## Action item
The data that follows is to be copied exactly, with each image removed.

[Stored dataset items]
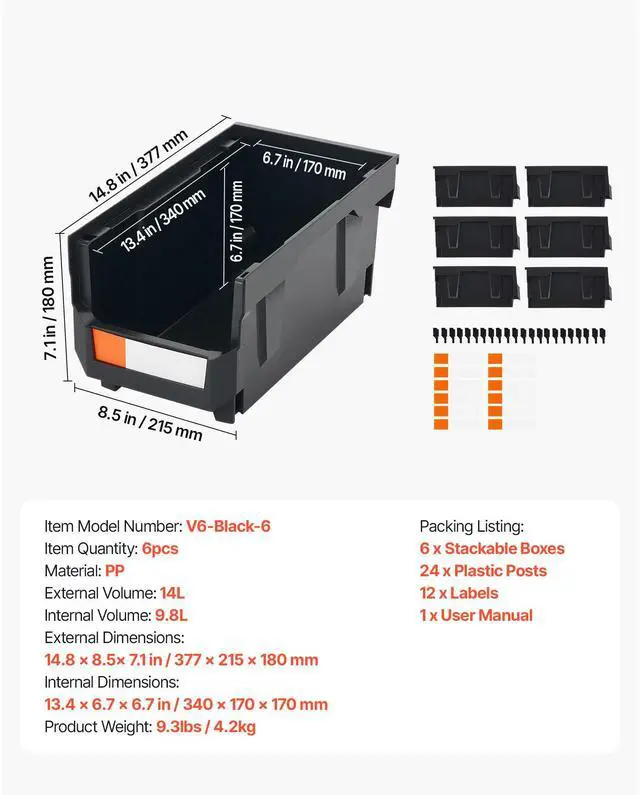 Item Quantity: 6pcs,External Dimensions: 14.8 x 8.5 x 7.1 in / 377 x 215 x 180 mm,External Volume: 14 L; Internal Volume: 9.8 L,Item Model Number: V6-Black-6,Product Weight: 8.6 lbs / 3.9 kg,Material: PP,Internal Dimensions: 13.38 x 6.7 x 6.7 in / 340 x 170 x 170 mm
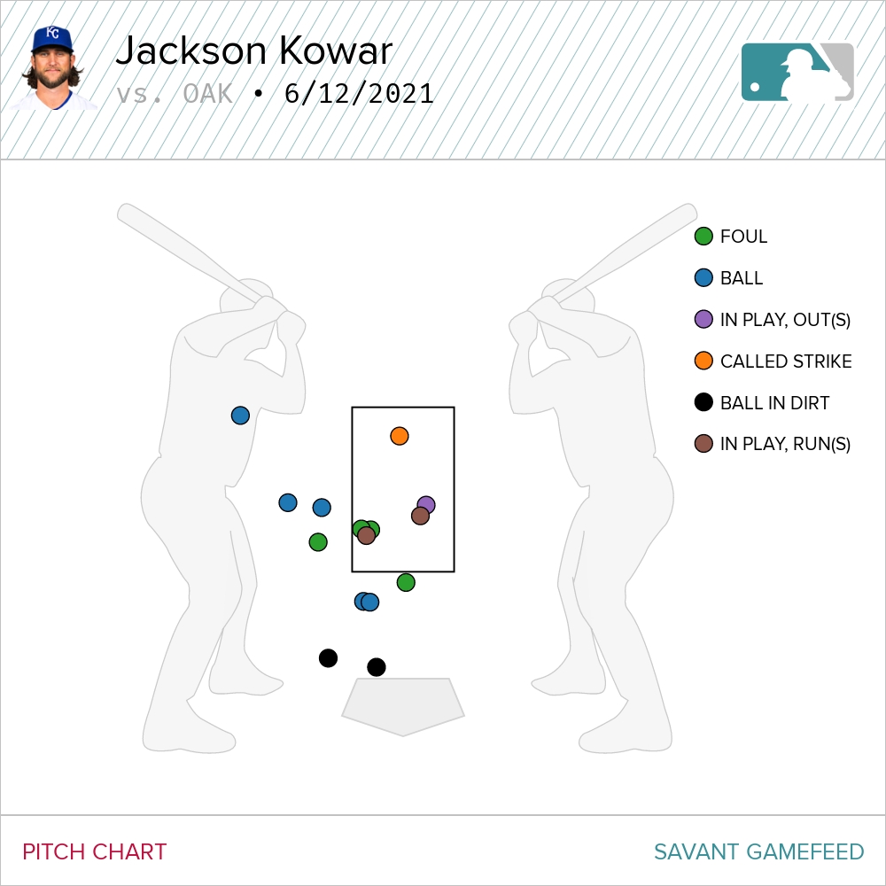 When going back through and rewatching his outing, I was struck by how little Kowar challenged left-handed batters inside on Saturday. He delivered two pitches on the inner third (or a little more inside) to lefties.
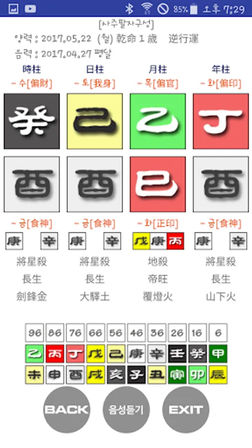 납음오행과 12운성 부분을 터치하면 각 주 별 납음오행과 12운성을 읽어주고
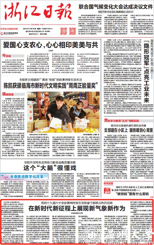 今天出版的《浙江日报》,在头版对这种青春力量进行了报道:
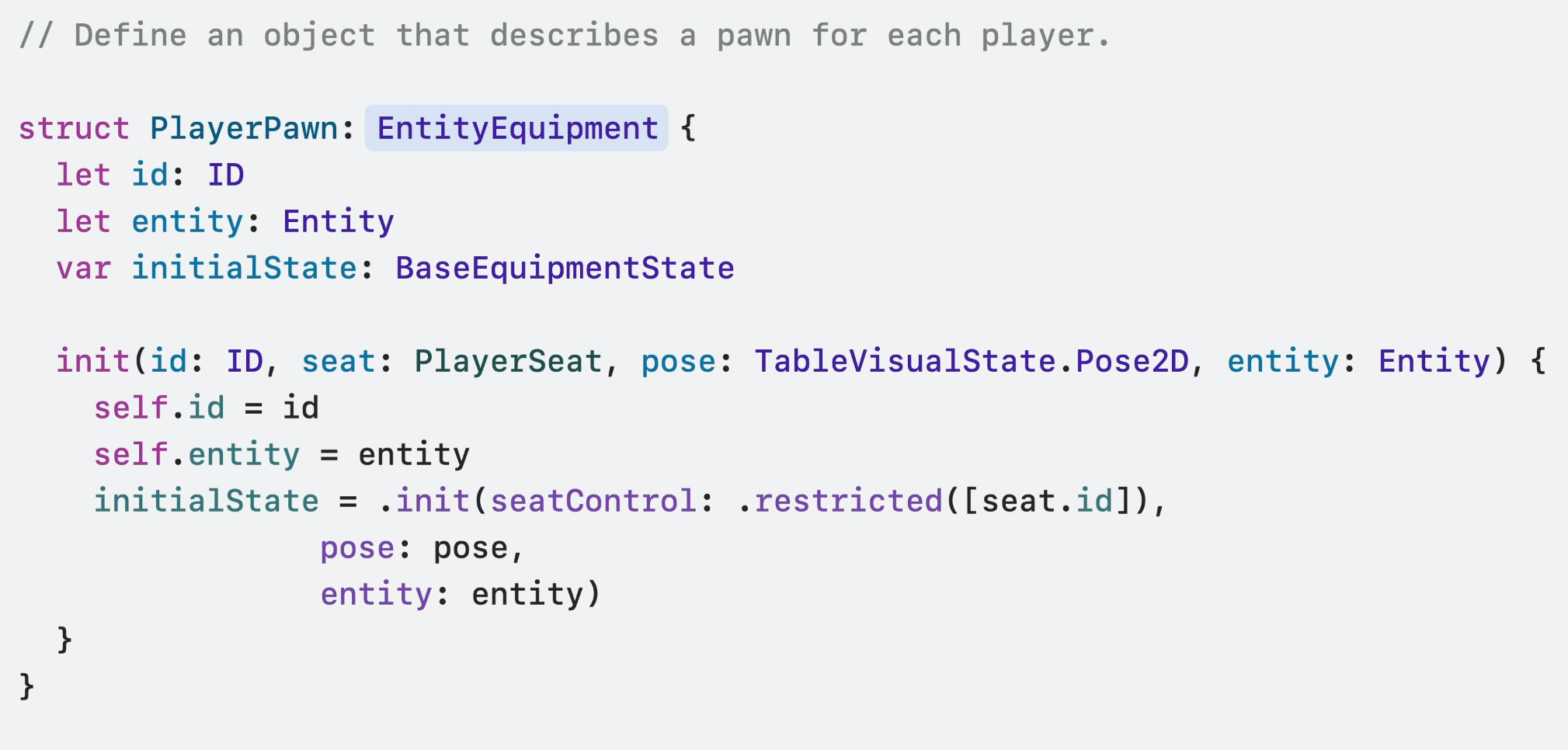 pawn은 EntityEquipment 프로토콜을 따르고 이는 연결된 RealityKit entity가 있음을 의미하므로 게임에서 tangile한(형태를 가진) object이다.
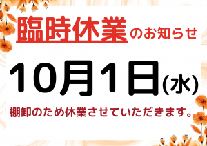 ◇『臨時休業と10月の営業日・店休日のおしらせ』
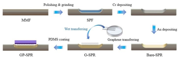 Figure1. GP-SPR光纖傳感器的制造過(guò)程,包括拋光纖維包層,沉積Cr和金膜,石墨烯轉(zhuǎn)移和涂覆PDMS層。
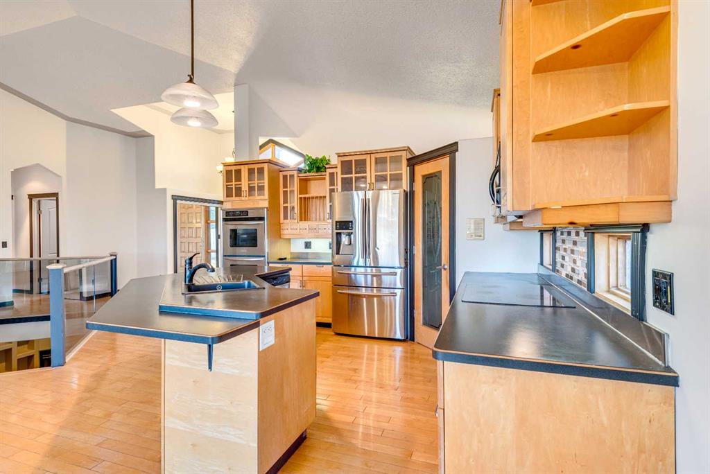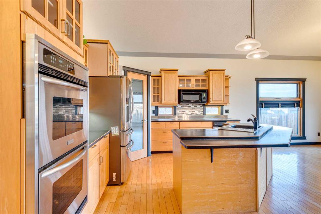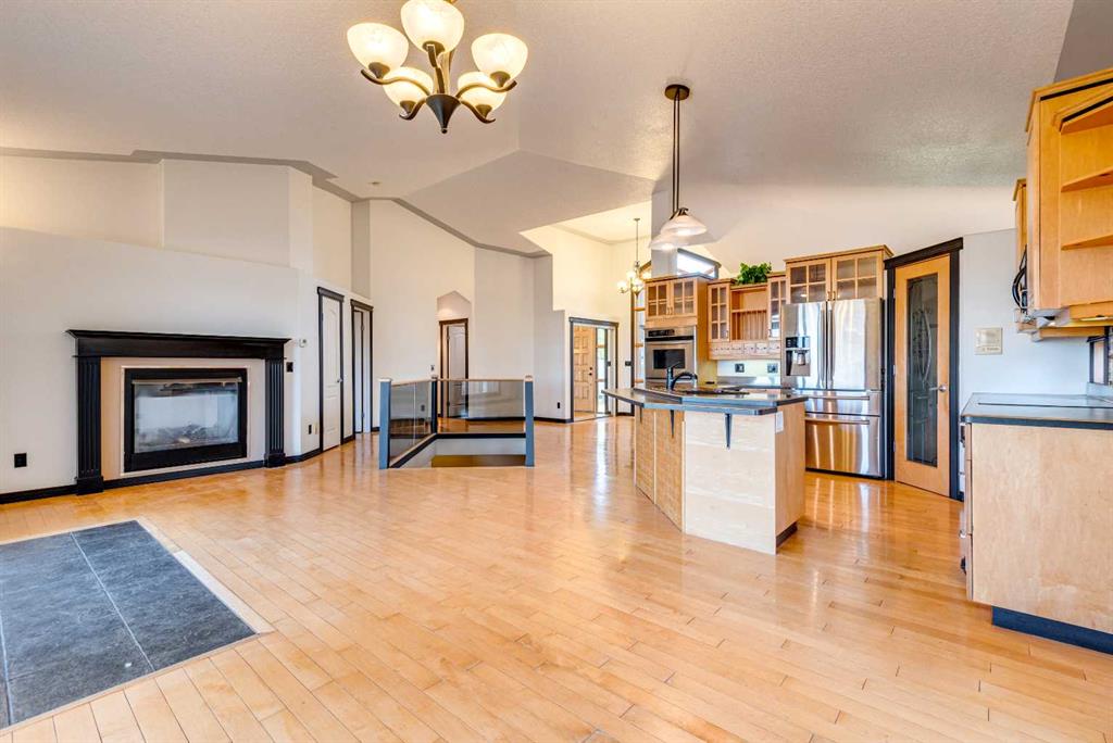 Looking for the perfect combination of classic style, modern comfort, and convenient bungalow living—all designed with your family in mind? Your search ends here! From the moment you step through the oversized, majestic front door, you’ll feel the open, spacious design of this exceptional home. The large, bright kitchen offers open views of the backyard and open fields behind featuring dual ovens, an island with sink, and a handy breakfast bar with open concept dining and family room - ideal for family meals, entertaining or everyday living. Guests will love relaxing in the formal living room with its own fireplace, while the fully developed lower level with high ceilings provides an expansive rec/family room with fireplace and games area, and plenty of space for family fun. This home features 4 bedrooms (the primary retreat features a fireplace, ensuite, and walk-in closet), 3 bathrooms, hardwood floors, and 3 fireplaces (including one double-sided). The triple heated garage—with a convenient drive-through bay—adds practicality, while the exposed aggregate driveway and sidewalks complement the curb appeal. The large, fully fenced backyard offers space to relax, play, and entertain. This home truly has it all—style, comfort, and thoughtful design in every detail.
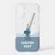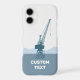 Silhouette of dockyard cargo crane. Vector icon with customisable colour. Custom text.
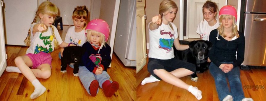 Vous pourrez remarquer grâce à ces photos que les chiens grandissent vraiment vite. Dans quelques mois , ce petit chiot mignon qui galope entre vos jambes avec enthousiasme, aura déjà la taille adulte . Leurs corps en pleine croissance et leur rapide maturité remettent ainsi les changements dans nos propres vies en perspective. Cela nous aide aussi à apprécier le fait qu’ils passent leur vie à nos côtés comme de fidèles compagnons. Regardez les images, c’est fou comme le temps passe vite et comment on change !
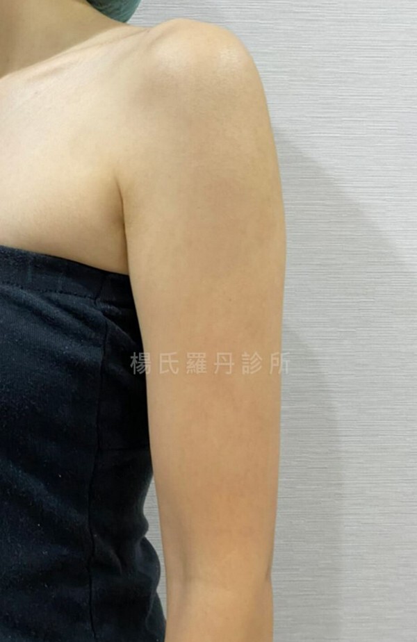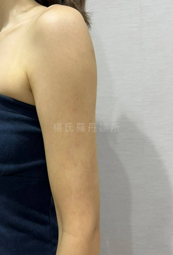 到現在已經過了四個月,天氣漸漸變熱,露出手臂的季節又到了,同時也是瘦手臂的效果最顯著的時間,真是太完美了,開心!對了,雷射減脂手術後的傷口極小,就像被蚊子叮的疤痕一樣大,再過一陣子,應該就看不清楚疤痕了~只能說這次做的手臂減脂,雕塑的成果我實在是太滿意了,而且手臂瘦了,上半身看起來也更顯瘦了!謝謝超厲害超專業的賴斯敏醫師,也謝謝新竹羅丹診所的團隊,賜給我一雙美麗的手臂!
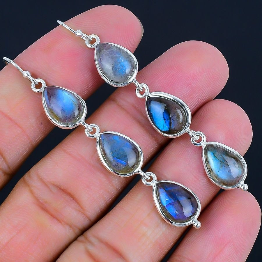 Natural Labradorite Sterling Silver Mother Bezel Drop Dangle Earrings Jewelry
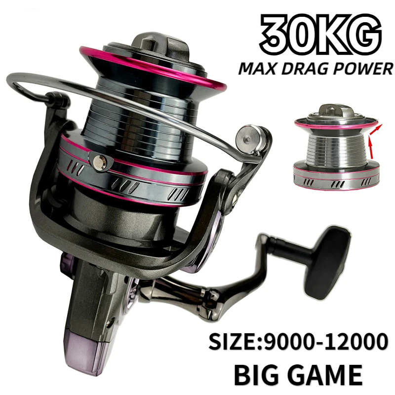 Carrete de pesca serie 9000/10000/12000 de alta resistencia, arrastre máximo de 20-30KG, copa de línea profunda de Metal súper fuerte, relación de engranaje 4,0: 1
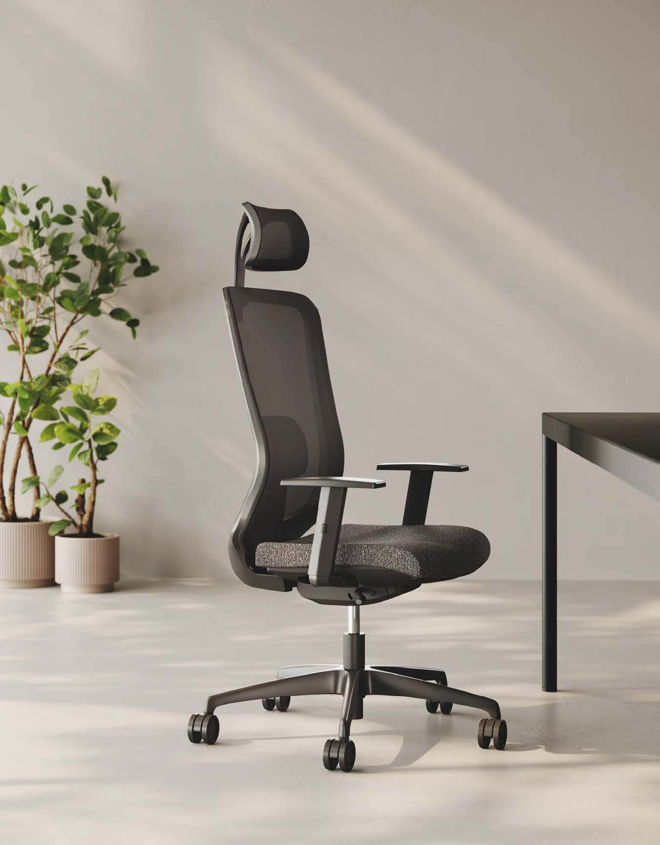 Inoltre, la versione con poggiatesta aggiunge un ulteriore livello di supporto, rendendo la sedia Comfort perfetta anche per ambienti semi-direzionali. La collezione, infatti, si distingue per la sua coerenza stilistica: disponibile sia nella versione operativa sia in quella cantilever, è ideale per ospitare visitatori con eleganza.
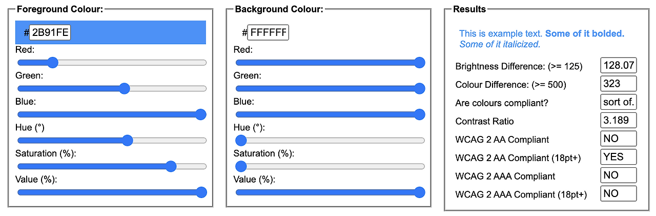 snook.ca, Colour Contrast Check에서 웹 접근성 기준에 부합하고 있는지 색상 대비를 확인해 보는 것도 좋을 것 같다.

## Task result
 Item Quantity: 6pcs,External Dimensions: 14.8 x 8.5 x 7.1 in / 377 x 215 x 180 mm,External Volume: 14 L; Internal Volume: 9.8 L,Item Model Number: V6-Black-6,Product Weight: 8.6 lbs / 3.9 kg,Material: PP,Internal Dimensions: 13.38 x 6.7 x 6.7 in / 340 x 170 x 170 mm
 When going back through and rewatching his outing, I was struck by how little Kowar challenged left-handed batters inside on Saturday. He delivered two pitches on the inner third (or a little more inside) to lefties.
 납음오행과 12운성 부분을 터치하면 각 주 별 납음오행과 12운성을 읽어주고
 今天出版的《浙江日报》,在头版对这种青春力量进行了报道:
 pawn은 EntityEquipment 프로토콜을 따르고 이는 연결된 RealityKit entity가 있음을 의미하므로 게임에서 tangile한(형태를 가진) object이다.
 ◇『臨時休業と10月の営業日・店休日のおしらせ』
 Figure1. GP-SPR光纖傳感器的制造過(guò)程,包括拋光纖維包層,沉積Cr和金膜,石墨烯轉(zhuǎn)移和涂覆PDMS層。
 Looking for the perfect combination of classic style, modern comfort, and convenient bungalow living—all designed with your family in mind? Your search ends here! From the moment you step through the oversized, majestic front door, you’ll feel the open, spacious design of this exceptional home. The large, bright kitchen offers open views of the backyard and open fields behind featuring dual ovens, an island with sink, and a handy breakfast bar with open concept dining and family room - ideal for family meals, entertaining or everyday living. Guests will love relaxing in the formal living room with its own fireplace, while the fully developed lower level with high ceilings provides an expansive rec/family room with fireplace and games area, and plenty of space for family fun. This home features 4 bedrooms (the primary retreat features a fireplace, ensuite, and walk-in closet), 3 bathrooms, hardwood floors, and 3 fireplaces (including one double-sided). The triple heated garage—with a convenient drive-through bay—adds practicality, while the exposed aggregate driveway and sidewalks complement the curb appeal. The large, fully fenced backyard offers space to relax, play, and entertain. This home truly has it all—style, comfort, and thoughtful design in every detail.
 Silhouette of dockyard cargo crane. Vector icon with customisable colour. Custom text.
 Vous pourrez remarquer grâce à ces photos que les chiens grandissent vraiment vite. Dans quelques mois , ce petit chiot mignon qui galope entre vos jambes avec enthousiasme, aura déjà la taille adulte . Leurs corps en pleine croissance et leur rapide maturité remettent ainsi les changements dans nos propres vies en perspective. Cela nous aide aussi à apprécier le fait qu’ils passent leur vie à nos côtés comme de fidèles compagnons. Regardez les images, c’est fou comme le temps passe vite et comment on change !
 到現在已經過了四個月,天氣漸漸變熱,露出手臂的季節又到了,同時也是瘦手臂的效果最顯著的時間,真是太完美了,開心!對了,雷射減脂手術後的傷口極小,就像被蚊子叮的疤痕一樣大,再過一陣子,應該就看不清楚疤痕了~只能說這次做的手臂減脂,雕塑的成果我實在是太滿意了,而且手臂瘦了,上半身看起來也更顯瘦了!謝謝超厲害超專業的賴斯敏醫師,也謝謝新竹羅丹診所的團隊,賜給我一雙美麗的手臂!
 Natural Labradorite Sterling Silver Mother Bezel Drop Dangle Earrings Jewelry
 Carrete de pesca serie 9000/10000/12000 de alta resistencia, arrastre máximo de 20-30KG, copa de línea profunda de Metal súper fuerte, relación de engranaje 4,0: 1
 Inoltre, la versione con poggiatesta aggiunge un ulteriore livello di supporto, rendendo la sedia Comfort perfetta anche per ambienti semi-direzionali. La collezione, infatti, si distingue per la sua coerenza stilistica: disponibile sia nella versione operativa sia in quella cantilever, è ideale per ospitare visitatori con eleganza.
 snook.ca, Colour Contrast Check에서 웹 접근성 기준에 부합하고 있는지 색상 대비를 확인해 보는 것도 좋을 것 같다.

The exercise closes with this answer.